Commonpoint Queens presents Dr. Ayala Fader, professor of anthropology at Fordham University, telling the stories of married ultra-Orthodox Jewish men and women in 21st century New York who lead “double lives” in order to protect those they love. While they no longer believe fully, these hidden heretics continue to live in their families and religious communities, even as they surreptitiously break Jewish commandments and explore forbidden secular worlds in person and online. Register here. Cost is $8 member/$10 non-member. 12:00 pm.
The Jewish Theological Seminary’s Milstein Center for Interreligious Dialogue presents a virtual event with Professor Azza Karam, secretary general of Religions for Peace International, the world’s largest multi-religious coalition working to transform violent conflict, advance human development, promote just and harmonious societies, and protect the earth. In the annual John Paul II Lecture on Interfaith Understanding, Karam will talk about the ways multifaith alliances can take concrete actions to further peace and well-being in a fractured world. Register here. 1:00 pm.
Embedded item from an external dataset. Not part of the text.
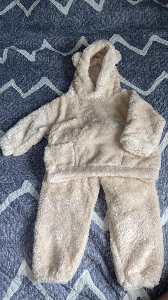 Jakie słodkie 🥹 Kiedy go rozpakowałem, myślałem, że będzie super duży, ale tak naprawdę nie jest idealny dla INAYA! Wzięłam 12 miesięcy, ona ma 11 miesięcy, ma 80 cm. Jest super puszysty, mięciutki, przyjemny 🥰 osobiście chcę takiego samego dla siebie 😂 Na chłodne poranki w domu, na jesienne wyjścia szczerze mówiąc jest idealny trzyma ciepło 🥰✨ Jestem zbyt fanem!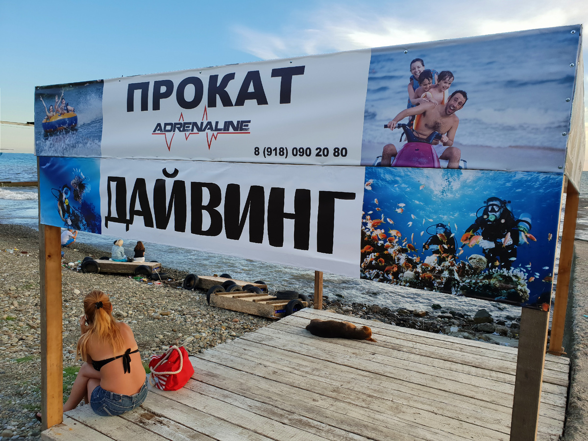 Оказалось, что ребята с «Русалочки» только рекламируют настоящих дайверов, которые находятся на пляже «Фазотрон», в 400 метрах от «Русалочки». Какие проблемы? Мы пошли на «Фазотрон», дошли до кабинки и нашли там главного.

Kane Street Synagogue presents a free virtual book launch to celebrate publication of Julia Mayer’s “Painting Resilience: The Life and Art of Fred Terna.” Mayer’s book is the first full-length biography of the renowned 97-year-old Holocaust survivor and artist and includes reproductions of more than two dozen of his works, many of which are held by the United States Holocaust Memorial Museum, the Albertina, Yad Vashem, and others. RSVP here. 7:30 pm.
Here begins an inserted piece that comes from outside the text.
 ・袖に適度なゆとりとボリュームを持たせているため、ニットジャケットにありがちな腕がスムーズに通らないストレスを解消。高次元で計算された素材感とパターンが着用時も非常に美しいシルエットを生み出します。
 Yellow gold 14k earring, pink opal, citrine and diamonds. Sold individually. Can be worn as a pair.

The Cantors Assembly in partnership with Milken Archive of Jewish Music and the Lowell Milken Fund for American Jewish Music presents Cantors on Record. The nine-part program will feature weekly live interviews with the artists and the music they recorded along with archival photos. It will be hosted by Hazzan Elizabeth Shammash and Dr. Mark Kligman, director of The Lowell Milken Fund for American Jewish Music and Mickey Katz Endowed Chair in Jewish Music of the UCLA Herb Alpert School of Music. 8:00 pm.